Even Solid, like OOP is one of those concepts that has morphed more into an ideology than it needs to be with blind faith adherents

https://speakerdeck.com/tastapod/why-every-element-of-solid-...

I'll take someone who writes simple code that can be easily changed 101 out of 100 times over a SOLID, OOP Adherent.


That presentation basically says "write simple code". I'm not sure how is that helpful to anyone.


It's immensely helpful.

Stuck in a rut designing your type hierarchies and making sure they are perfectly SOLID? STOP. Write the simplest, most clear and concise thing that works, refactor it once it gets too big to fit in your head.

Not sure if your AbstractFactoryBeanProxyImplImpl is generic enough to cover all use cases? STOP. Write the simplest most clear and concise thing that works, refactor it to adapt to more problems as needed.

Tired of fighting your type system because your stuck in a wheel of is-ha has-a is-a has-a? STOP. If it acts like a duck, and quacks like a duck, it is a duck! Write a duck!


I'm by no means advocating SOLID is the right/only way. I agree with "Write the simplest, most clear and concise thing that works", but it offers no help on how to do that. The how comes from experience. Simplifying complex and large things takes effort and thinking. SOLID helps with that, if used right and not as a religion. I feel "do the simplest" is way too generic an advice.


"You Aren't Going To Need It" is the most overlooked piece of advice anyone has ever given anyone.


I'd be wary of companies hiring "OO" devs.


Depends on what this dev would be building, if you have to build framework or you build a library then I agree. If you build next off the mill "business" system then...

Single responsibility principle, yes nice but we have deadlines and no time to argue if that one function should be somewhere else, fix it when we have some slack.

Open closed principle, you don't have to think about if you use DI and have interfaces.

Liskov substitution is useless, you should not use inheritance but composition.
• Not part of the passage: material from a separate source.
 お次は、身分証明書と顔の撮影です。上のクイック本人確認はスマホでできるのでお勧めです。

Interface segregation, you have to think about it but it is a lot like SRP.

Dependency inversion, interfaces plus DI framework takes you far enough.
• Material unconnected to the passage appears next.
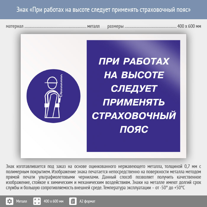 Знак «При работах на высоте следует применять страховочный пояс», КЗ-75 (металл, 600х400 мм) в Сургуте купить

So IMO if one senior guy sets up project with DI framework and gives general direction, someone who can't formulate SOLID still can be good OOP developer.


> Liskov substitution is useless, you should not use inheritance but composition.
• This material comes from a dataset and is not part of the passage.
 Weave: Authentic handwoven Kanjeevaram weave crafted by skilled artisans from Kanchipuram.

Liskov substitution is more about interface inheritance than implementation inheritance, really. LSP basically says that the implementer of an interface must obey the contract the interface specifies. As a real-world example, throwing UnsupportedOperationException in a method implementation is an LSP violation. Of course, this makes it vital to get the interfaces themselves right, carving the solution space at its joints.


Ok yes, it is about subtypes and interface is quite of an abstract base class. But if you have interface as in Java or C# and maybe 2 or 3 implementations without complicated type hierarchy under it, it is not an issue in practice to be not strict about contract, because you can spot deviation from it and fix it quick (ideally you also have integration tests to spot it for you).


I think the point is to forget about specific language features for a moment and think about interfaces the same way a mechanical or electrical engineer does -- as things to be glued together.


No, Liskov substitution is much more abstract level, if you go with physical interface definition it does not work at all. It is not about attaching things but about type hierarchy. Thing you describe does not account for Covariance and Contrvariance and then it also goes into generic types which also huge abstraction which does not fit in physical world.


Do they have to agree with them, or just be able to name them?


Well, it's definitely a plus if they can convincingly argue against any of them. They're tools, not dogma.